So this is my code for calculating the correlation between two variables using pearson's r.

def correlation(x, y):
    std_x = (x - x.mean()) / x.std(ddof=0)
    std_y = (y - y.mean()) / y.std(ddof=0)

    return (std_x * std_y).mean()

I understand that in order to do so, one needs to:

  1. Standardize each variable
  2. Multiply each pair of values, and take the average

Which brings me to my question, why is the below line used:

std_x = (x - x.mean()) / x.std(ddof=0)

instead of simply:

r = (x.std(ddof=0)*y.std(ddof=0))/len(x)

I think you get confused on the formula of Pearson's coefficient. Say you have two random variables X and Y. Then Pearson's coefficient is defined as

r = Cov(X, Y)/(s_X*s_Y)

Where Cov(X, Y) is the covariance between X and Y, and s_Y and s_Y their standard deviation.

Cov(X, Y) = E[(XE[X])*(Y - E[Y])]

Where E[Z] designs the expected value of the random variable Z .

Ok, now we have the formula, so how to compute that. Actually you can't since you don't have access to the real standard deviations and real expected values.
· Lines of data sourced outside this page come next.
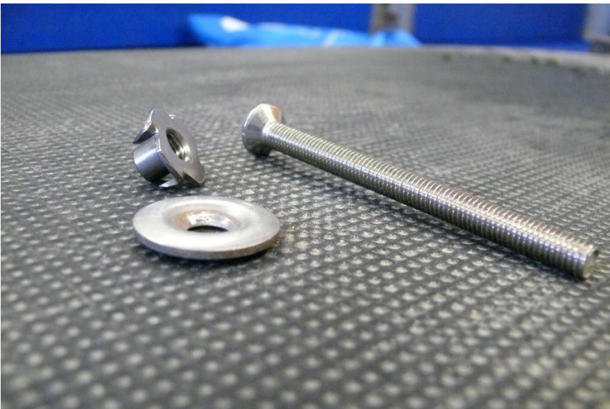
Abbildung 3: Befestigungsmaterial (Schraube, Einschlagmutter und abgerundete Unterlegscheibe)

Mit diesem Werkzeug und Material sind die Gummimatten innerhalb von 5-10 Minuten auf dem Boden fixiert. So schnell lässt sich kein fest installierter Boden auswechseln.
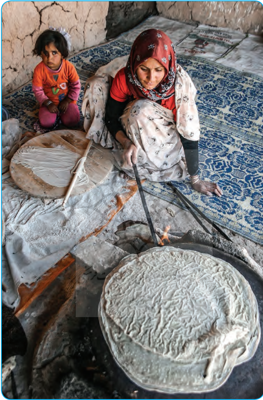
استان کهگیلویه و بویراحمد، عشایر گچساران
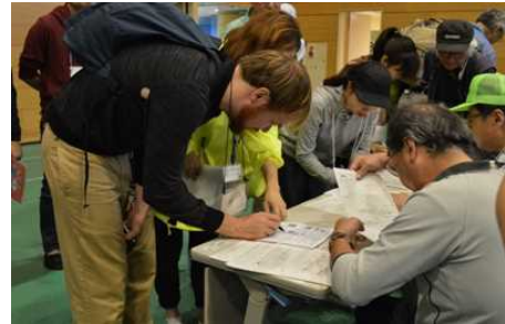
福島県総合防災訓練への参加
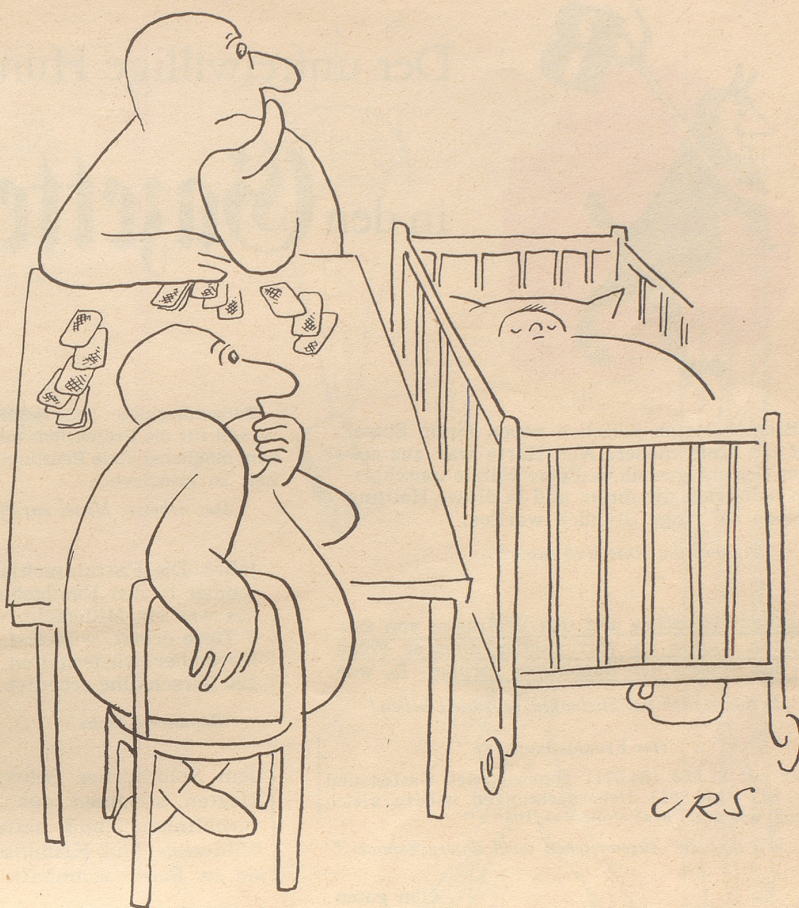
Sie warten auf den dritten Mann

Bezugsquellennachweis: E. Schlatter, Neuchâtel
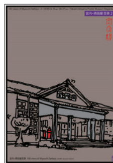
宮内・撰田屋百景展2 - 宮内駅
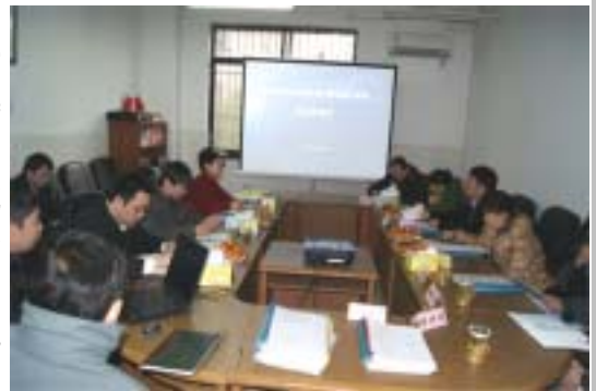
“借还通”系统项目验收会
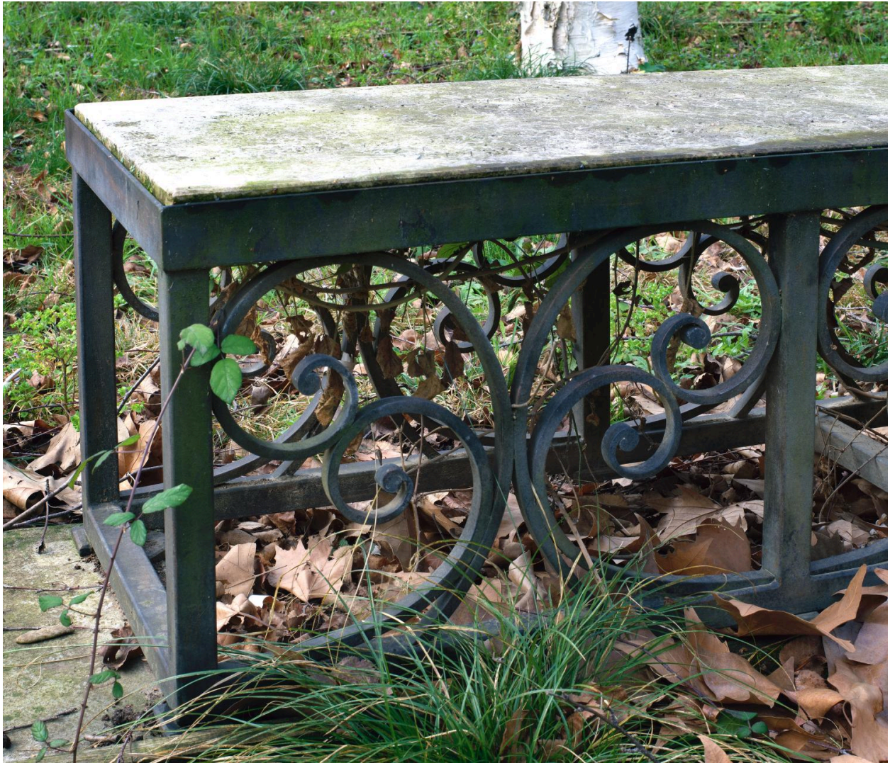
Vue rapprochée : le piètement.

Instead, what we usually do is compute the sample correlation coefficient, which is based on this formula but replacing the real values by the values given by estimators.

A natural (minimum variance non biased) estimator for the expected values in the formula, is simply the mean (given by np.mean ), and samewise, the right estimator for the standard deviation is the empirical standard deviation given by np.std .

So putting it all together, the formula would become

r = np.mean((x-np.mean(x))*(y-np.mean(y)))/(np.std(x)*np.std(y))

which is actually the same as

np.mean(X*Y)

where X = (x-np.mean(x))/np.std(x) and Y = (y-np.mean(y))/np.std(y)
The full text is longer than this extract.